Problem requirements:
These records contain pictures, which must be left out; copy exactly the lines from the one with "След това управителят, д-р" up to and including the one with "通过所选区间该基金净值增长率".

Data:
_ _ _ _ _ _ _

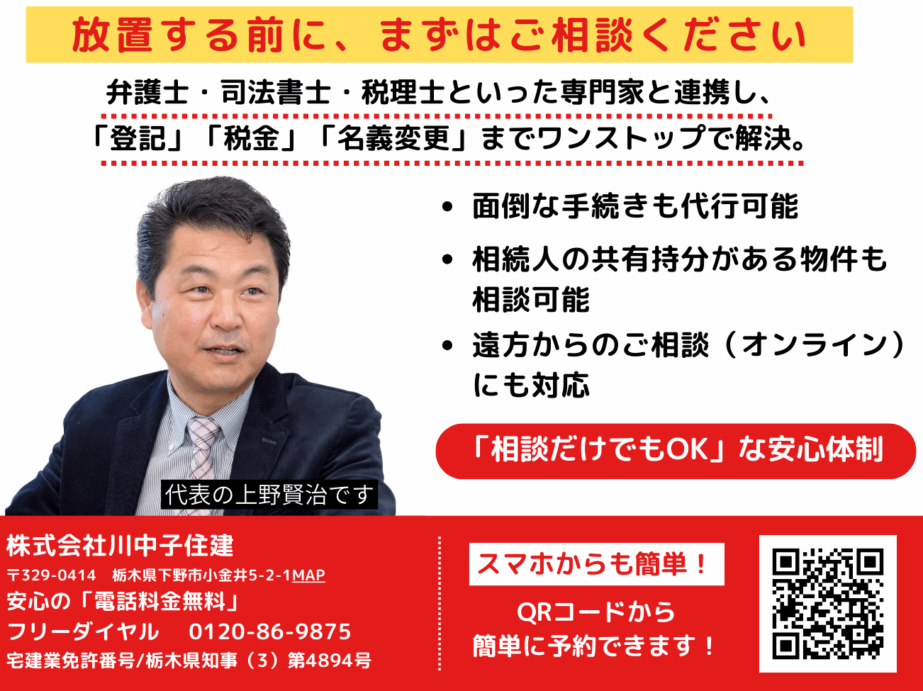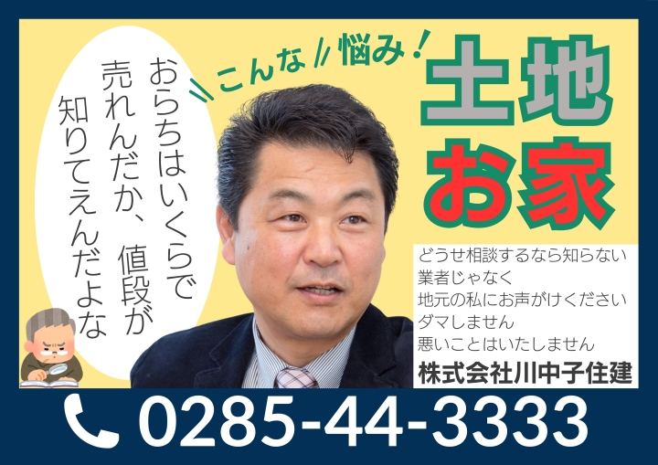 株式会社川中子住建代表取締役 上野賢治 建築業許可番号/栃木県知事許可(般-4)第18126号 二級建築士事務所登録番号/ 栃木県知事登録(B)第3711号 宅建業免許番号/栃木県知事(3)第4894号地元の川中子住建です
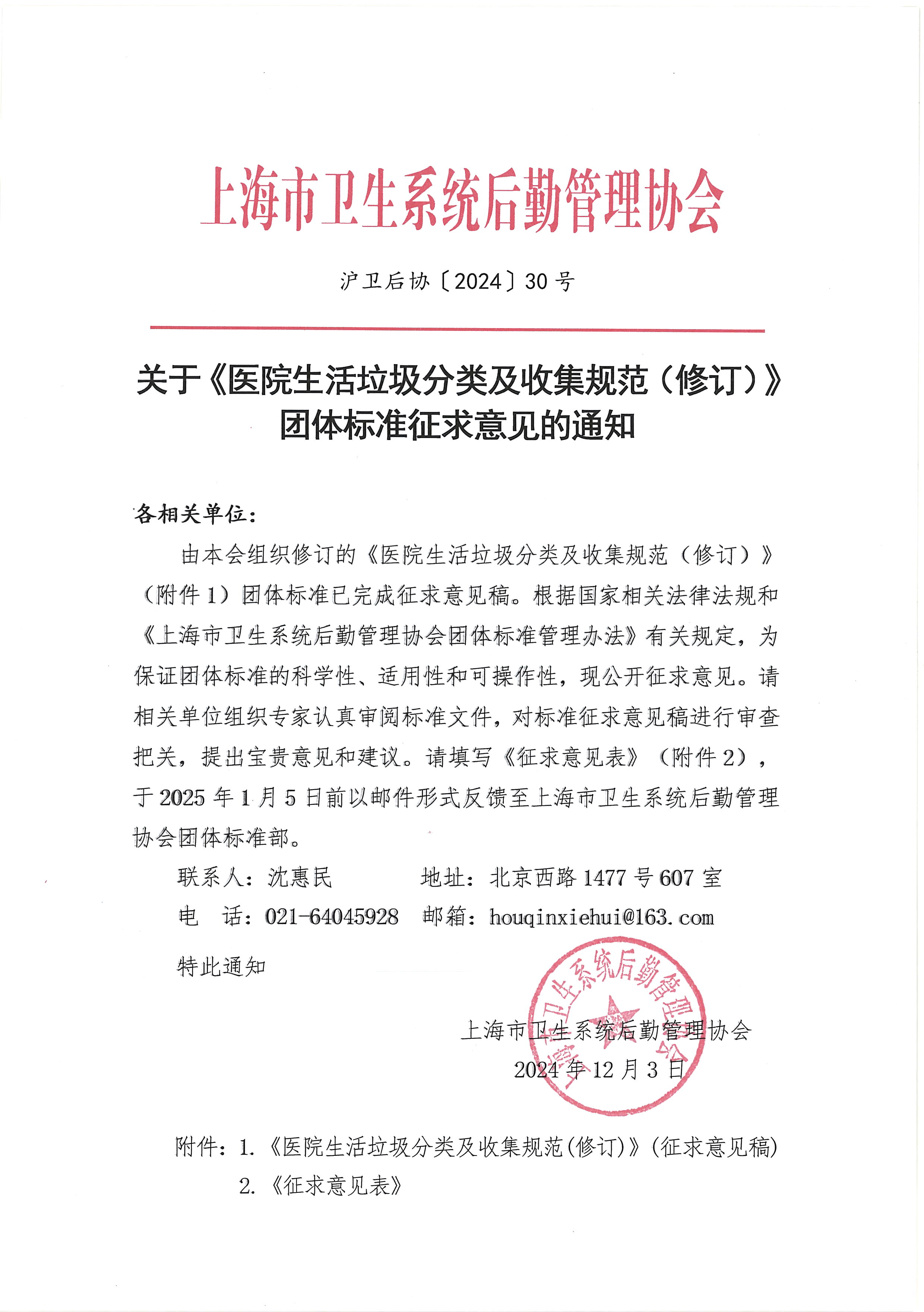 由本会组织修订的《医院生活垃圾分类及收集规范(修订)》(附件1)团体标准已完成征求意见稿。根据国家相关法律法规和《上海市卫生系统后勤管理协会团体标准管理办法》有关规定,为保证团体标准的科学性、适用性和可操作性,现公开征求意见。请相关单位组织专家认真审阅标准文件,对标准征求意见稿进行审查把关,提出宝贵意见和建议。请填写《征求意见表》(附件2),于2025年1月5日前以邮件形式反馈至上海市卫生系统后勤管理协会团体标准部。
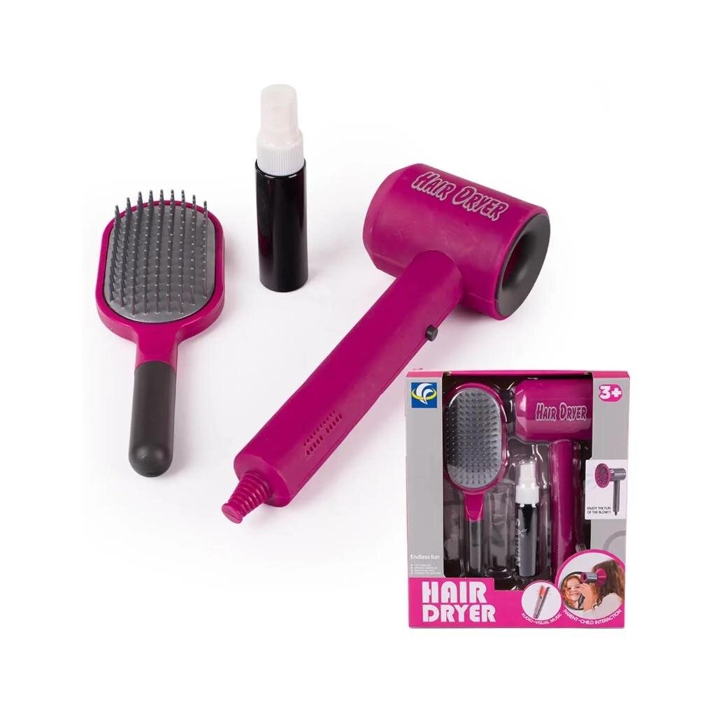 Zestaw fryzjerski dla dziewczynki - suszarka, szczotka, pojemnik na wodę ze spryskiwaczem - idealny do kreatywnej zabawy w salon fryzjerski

_ _ _ _ _ _ _

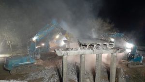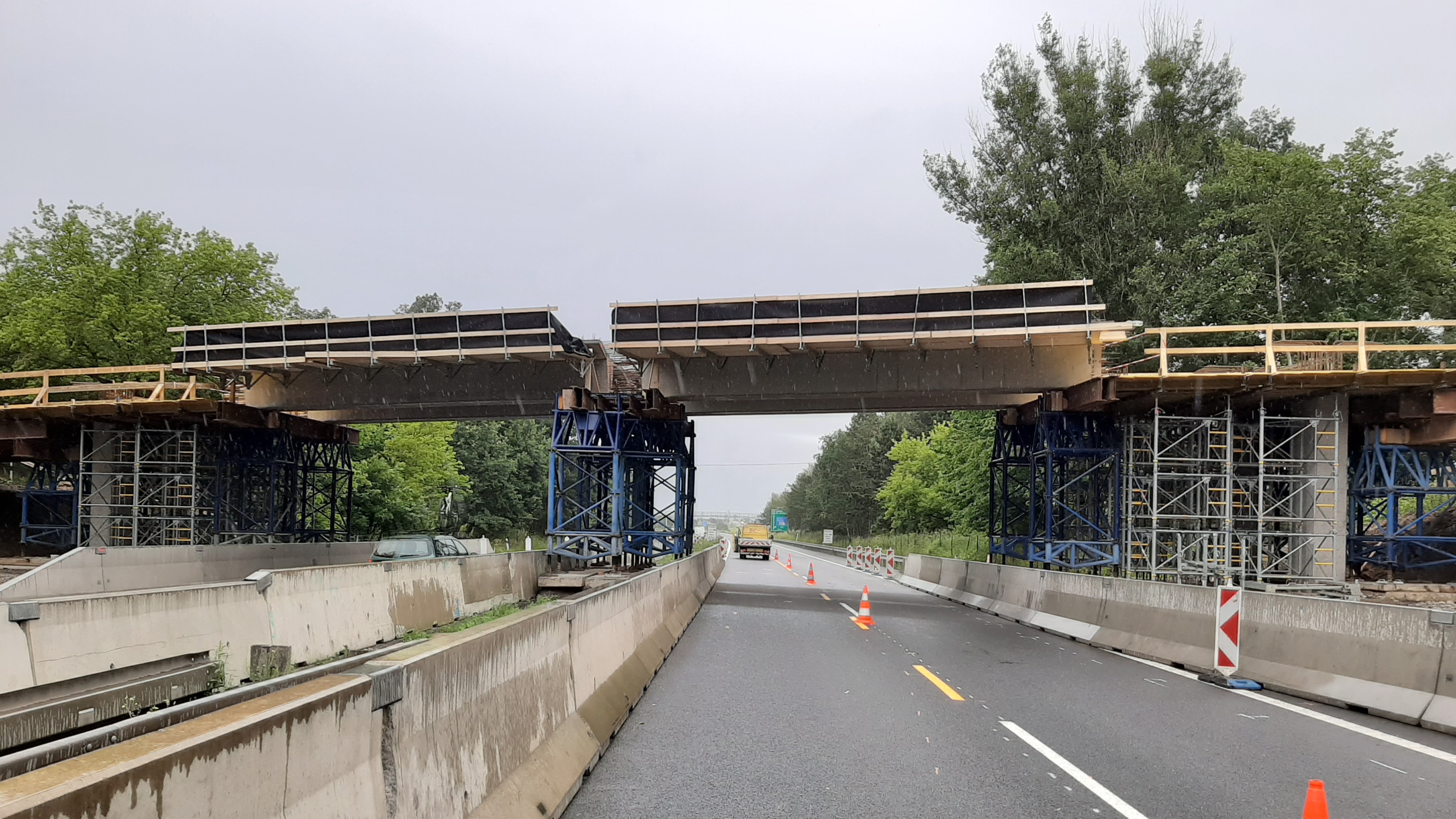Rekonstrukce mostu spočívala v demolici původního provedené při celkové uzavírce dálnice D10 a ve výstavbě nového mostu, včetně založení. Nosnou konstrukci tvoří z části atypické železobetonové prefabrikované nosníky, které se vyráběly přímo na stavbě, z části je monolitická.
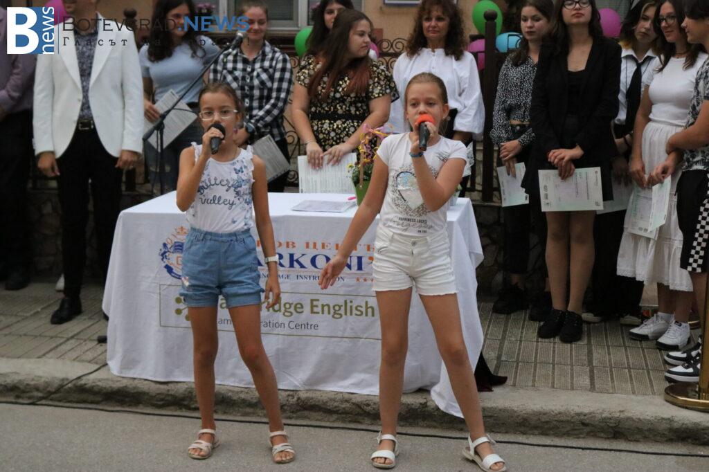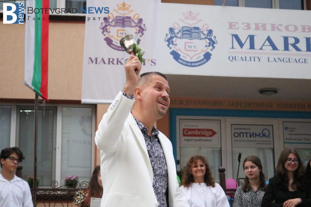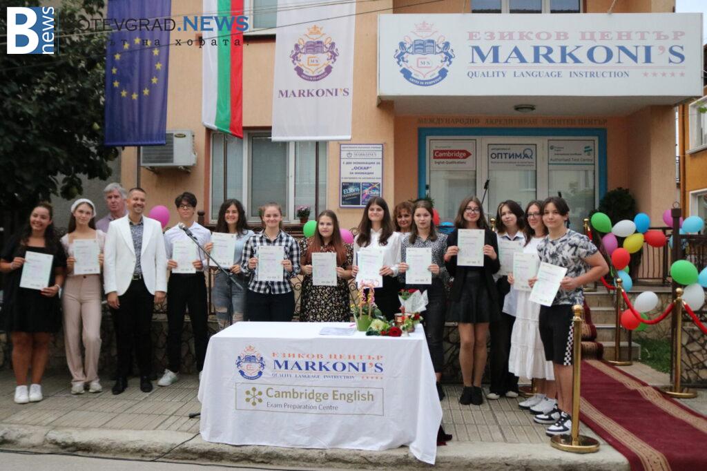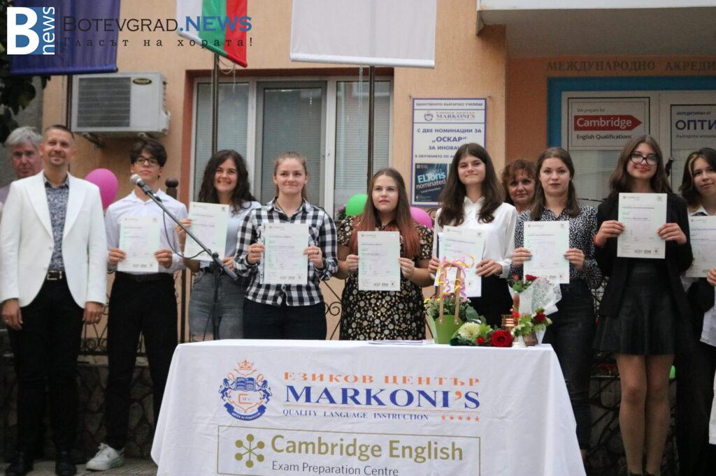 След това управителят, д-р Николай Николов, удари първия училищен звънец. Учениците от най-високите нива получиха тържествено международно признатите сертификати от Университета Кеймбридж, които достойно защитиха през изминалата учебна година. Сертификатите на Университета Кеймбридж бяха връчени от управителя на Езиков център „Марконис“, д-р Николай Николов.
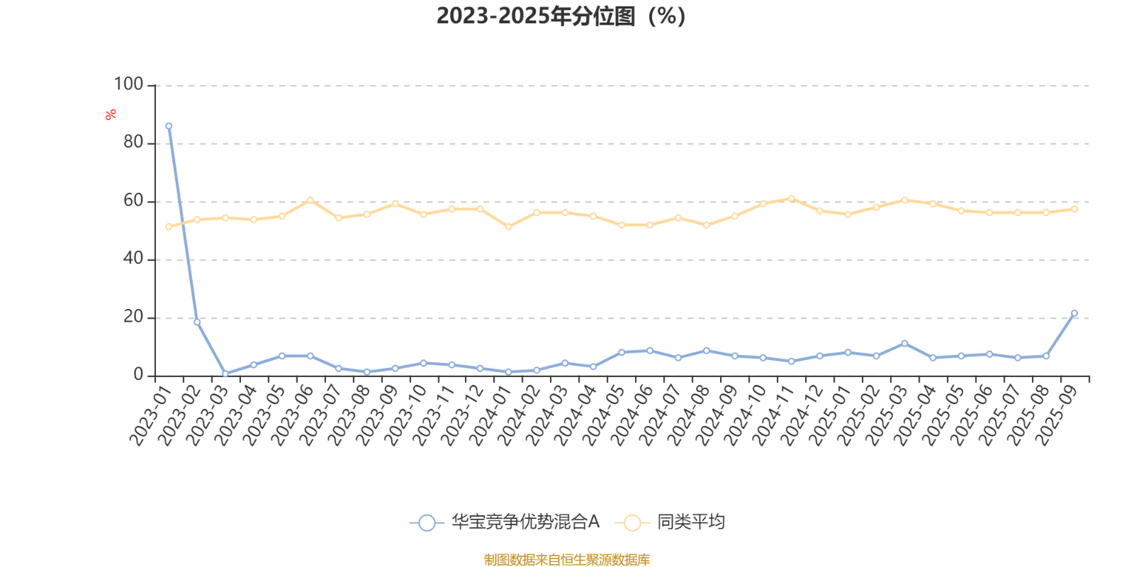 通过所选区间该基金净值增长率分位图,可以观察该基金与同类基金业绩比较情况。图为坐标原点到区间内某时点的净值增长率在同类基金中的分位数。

_ _ _ _ _ _ _

Answer box:
 След това управителят, д-р Николай Николов, удари първия училищен звънец. Учениците от най-високите нива получиха тържествено международно признатите сертификати от Университета Кеймбридж, които достойно защитиха през изминалата учебна година. Сертификатите на Университета Кеймбридж бяха връчени от управителя на Езиков център „Марконис“, д-р Николай Николов.
 通过所选区间该基金净值增长率分位图,可以观察该基金与同类基金业绩比较情况。图为坐标原点到区间内某时点的净值增长率在同类基金中的分位数。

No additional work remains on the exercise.